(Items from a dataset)
····················

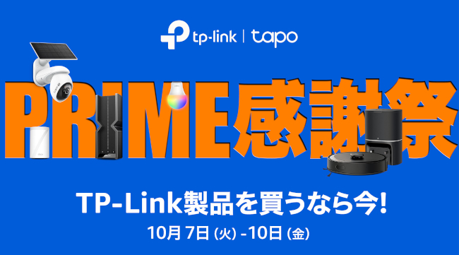 ティーピーリンクジャパン(TP-Link)は、Amazon.co.jpにおいて10月4~7日の期間に開催されている「Amazon プライム感謝祭」(10月4~6日は先行セール)において、最新のWi-Fi 7ルーターやスマートホーム製品といったアイテムを、最大40%オフで販売している。
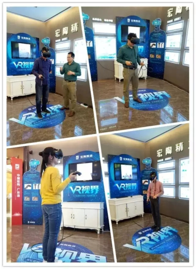 宏陶720°VR實景體驗區設立于總部展廳文化區內,帶上VR眼鏡后,你可以身臨其境般的感受新家裝修實景,不僅僅是簡單的看平面效果圖,你可以在其中走動,感受3D效果,可以開門進入客廳、廚房、書房、衛生間等空間,甚至可以打開房間里面的電視、空調、冰箱等,且可以根據自己的喜好更換瓷磚,讓裝修更加生動有趣。
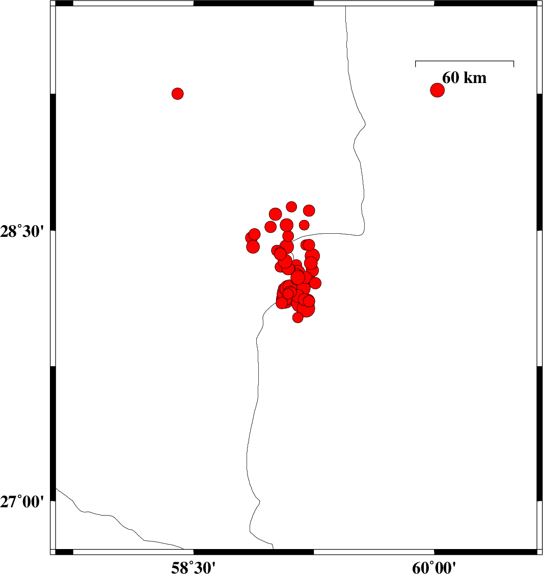 | 2011/01/02 | 15:23:46.1 | 18:53:46.1 | 28.36 | 59.24 | 16 | ML4.1 | Sistan va Baloochestan Province, 120 km South-East of Bam | ||
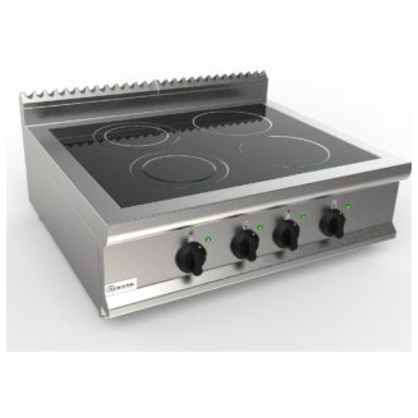 Sporák sklokeramický, 4 plotýnky – 4×2,5kW, šířka 800mm, horní modul
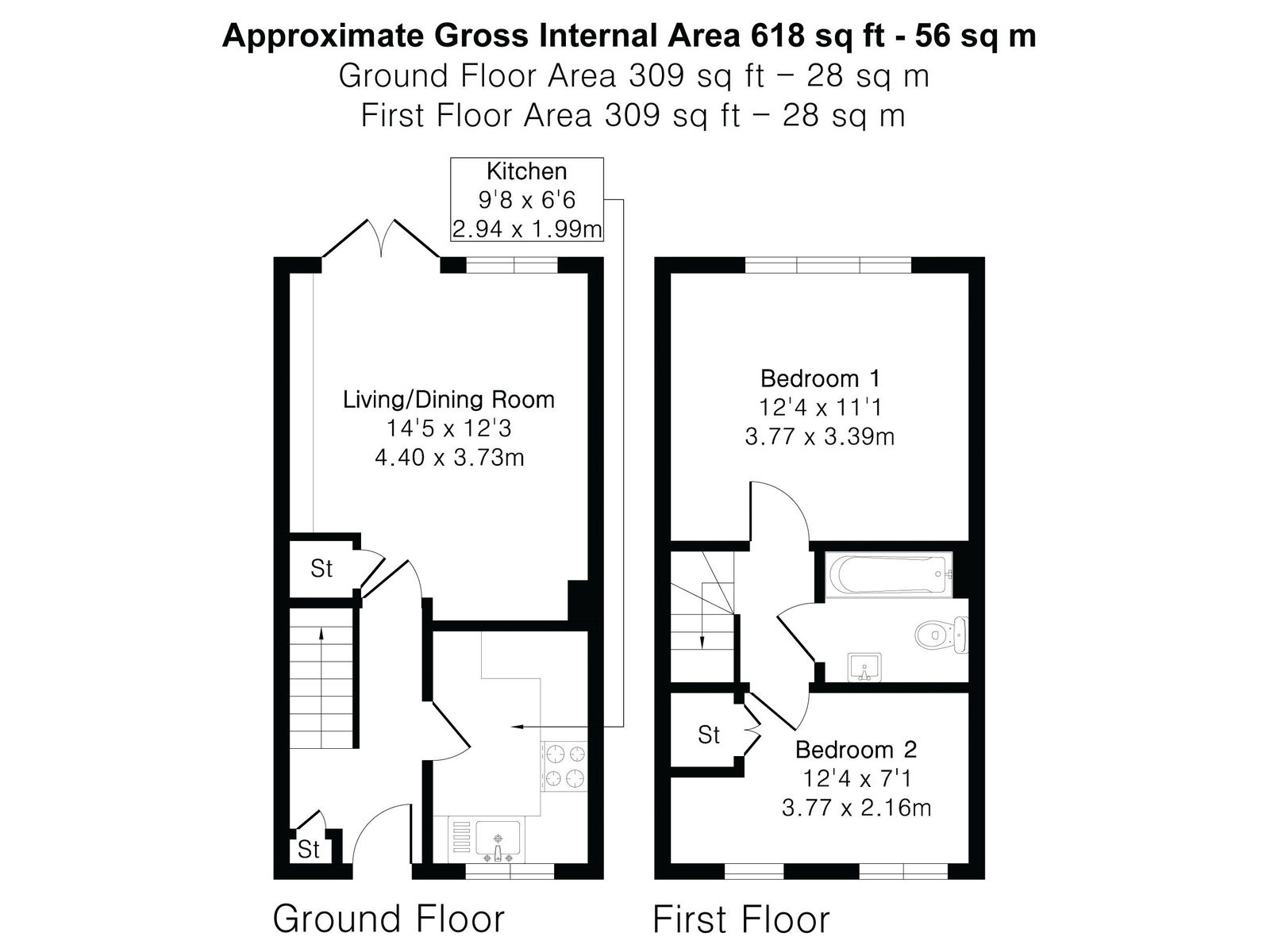 Upstairs, the main bedroom is a double. The second bedroom is a generous single and would also suit use as a study or nursery. The bathroom is modern in style and fitted with a white suite, including a bath with shower over, wash basin and WC. Recent renovations include laminate flooring throughout the ground floor and new carpets on the stairs and first floor.
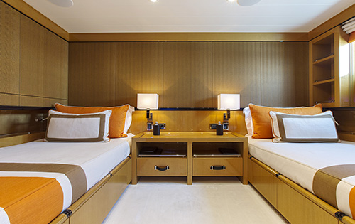 The second AMELS 199 MADAME KATE bears a stylish interior design by Laura Sessa. She can sleep up to 12 guests in utmost in luxury, looked after by a crew of 15. The full-beam master stateroom provides breath-taking views from generous circular windows. In addition to the three lower deck suites, there are also two full-size VIP guest suites on the bridge deck.
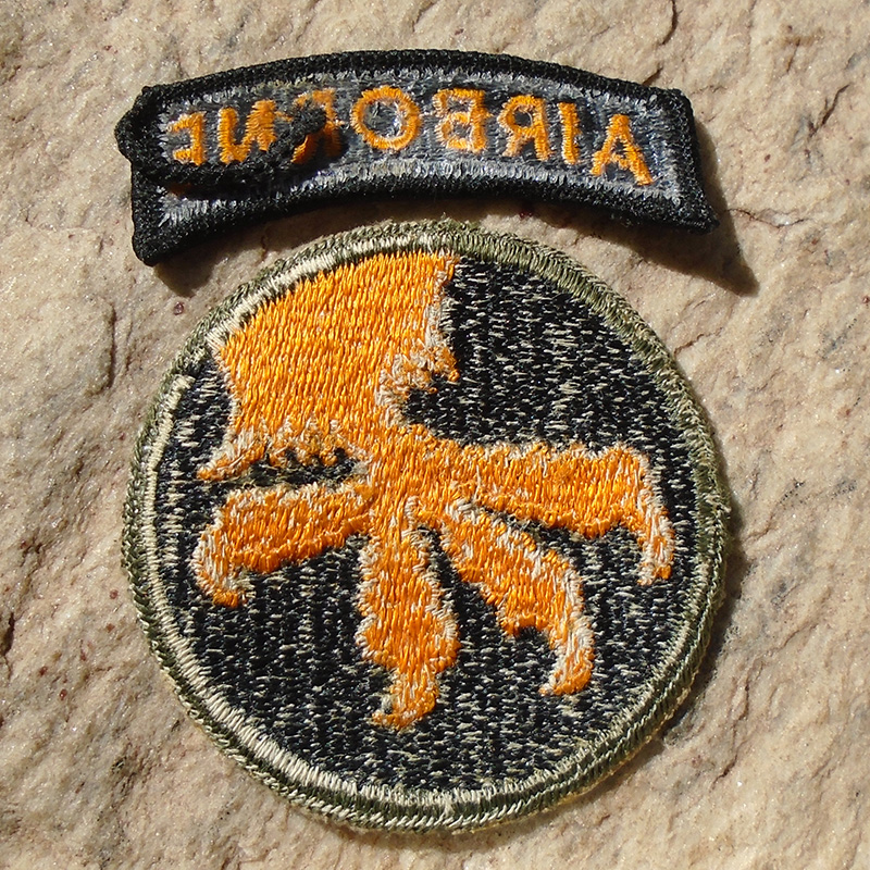 Conservação: 80%. Patch original da 2ª Guerra. Retirado de uniforme. Tab “Airborne” réplica.
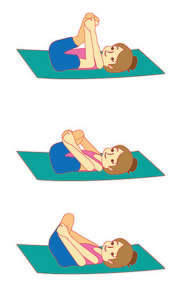 1. 呈仰躺姿势,双手抓住脚掌或脚踝,合起脚掌。

····················

■ **AIM OF THE EXERCISE**: Start at the line containing "of Bam | ||" above and stop at the line containing "Sporák sklokeramický, 4". Output those lines exactly, both included, but none of the pictures.

■ **TASK ANSWER**:
 | 2011/01/02 | 15:23:46.1 | 18:53:46.1 | 28.36 | 59.24 | 16 | ML4.1 | Sistan va Baloochestan Province, 120 km South-East of Bam | ||
 Sporák sklokeramický, 4 plotýnky – 4×2,5kW, šířka 800mm, horní modul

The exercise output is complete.